Jeremiah was just hovering around, and he said, “I’ll go down to the car to get that big box.”

My dad started to get up. “I’ll help,” he said.

“I’ve got it,” Jeremiah said, bounding out the door.

Sitting back down, my dad looked relieved. “I’ll just take a break, then,” he said.

Meanwhile, my mother was surveying the room, opening the closet, looking in drawers.

I sank down on the bed. So this was where I was going to live for the next year.

Next door, someone was playing jazz. Down the hall, I could hear a girl arguing with her mother about whereto put her laundry bin. It seemed like the elevator never stopped dinging open and closed. I didn’t mind. I liked the noise. It was comforting knowing there were people all around me.

“Want me to unpack your clothes?” my mother asked.

“No, that’s all right,” I said. I wanted to do that myself.

Then it would really feel like my room.

“At least let me make up your bed, then,” she said.

When it was time to say good-bye, I wasn’t ready. I thought I would be, but I wasn’t. My dad stood there, his hands on his hips. His hair looked really gray in the light.

He said, “Well, we should get going if we want to beat rush-hour traffic.”

Irritably, my mother said, “We’ll be fine.”

Seeing them together like this, it was almost like they weren’t divorced, like we were still a family. I was overcome with this sudden rush of thankfulness. Not all divorces were like theirs. For Steven’s and my sake, they made it work and they were sincere about it. There was still genuine affection between them, but more than that: there was love for us. It was what made it possible for them to come together on days like this.

I hugged my dad, and I was surprised to see tears in his eyes. He never cried. My mother hugged me briskly, but I knew it was because she didn’t want to let go. “Make sure you wash your sheets at least twice a month,” she said.

“Okay,” I said.

“And try making your bed in the morning. It’ll make your room look nicer.”

“Okay,” I said again.

My mother looked over at the other side of the room.

“I just wish we could have met your roommate.”

Jeremiah was sitting at my desk, his head down, scroll-ing on his phone while we said our good-byes.

All of a sudden, my dad said, “Jeremiah, are you going to leave now too?”

Startled, Jeremiah looked up. “Oh, I was going to take Belly to dinner.”

My mother shot me a look, and I knew what she was thinking. A couple of nights before, she’d given me this long speech about meeting new people and not spending all my time with Jere. Girls with boyfriends, she’d said, limit themselves to a certain kind of college experience.

I’d promised her I wouldn’t be one of those kind of girls.

“Just don’t get her back too late,” my dad said in this really meaningful kind of way.

I could feel my cheeks get red, and this time my mother gave my dad a look, which made me feel even more awkward. But Jeremiah just said, “Oh, yeah, of course,” in his relaxed way.

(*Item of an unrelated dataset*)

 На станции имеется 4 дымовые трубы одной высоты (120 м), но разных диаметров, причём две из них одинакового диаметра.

I met my roommate, Jillian, later that night, after dinner. It was in the elevator, right after Jeremiah dropped me off in front of the dorm. I recognized her right away, from the 78 · jenny han

pictures on her dresser. She had curly brown hair, and she was really little, shorter than she’d looked in the pictures.

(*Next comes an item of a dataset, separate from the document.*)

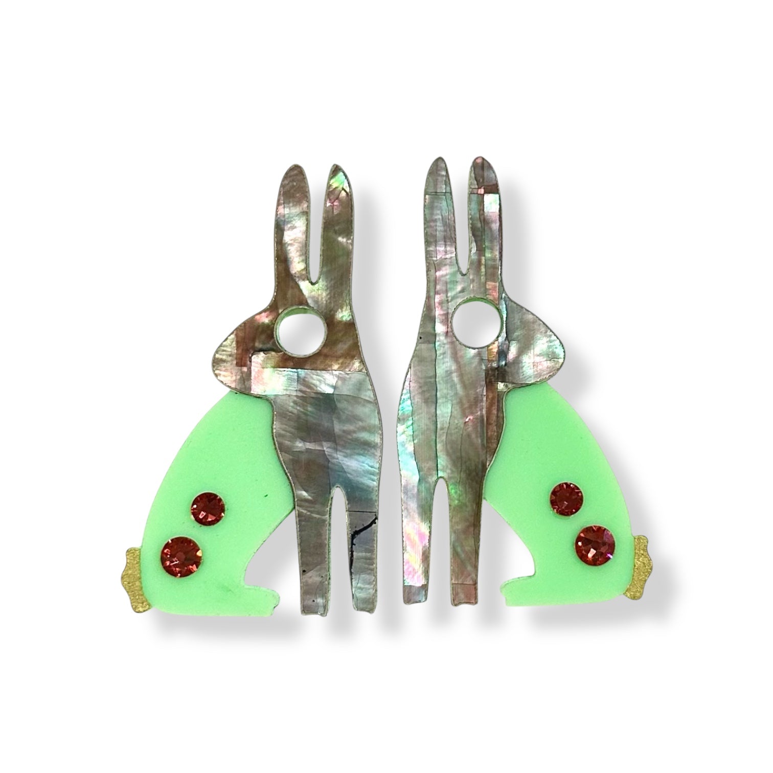 quirky rabbits with crystals, hand-painted details and abalone shell

I stood there, trying to figure out what to say. When the other girls in the elevator got off on the sixth floor, it was just the two of us. I cleared my throat and said,

“Excuse me. Are you Jillian Capel?”

“Yeah,” she said, and I could tell she was a little weirded out.

“I’m Isabel Conklin,” I said. “Your roommate.”

I wondered if I should hug her or offer her my hand to shake. I did neither, because she was staring at me.

“Oh, hi. How are you?” Without waiting for me to answer, she said, “I’m just coming back from dinner with my parents.” Later, I would learn that she said “How are you” a lot, like it was more of a thing to say, not something she expected an answer to.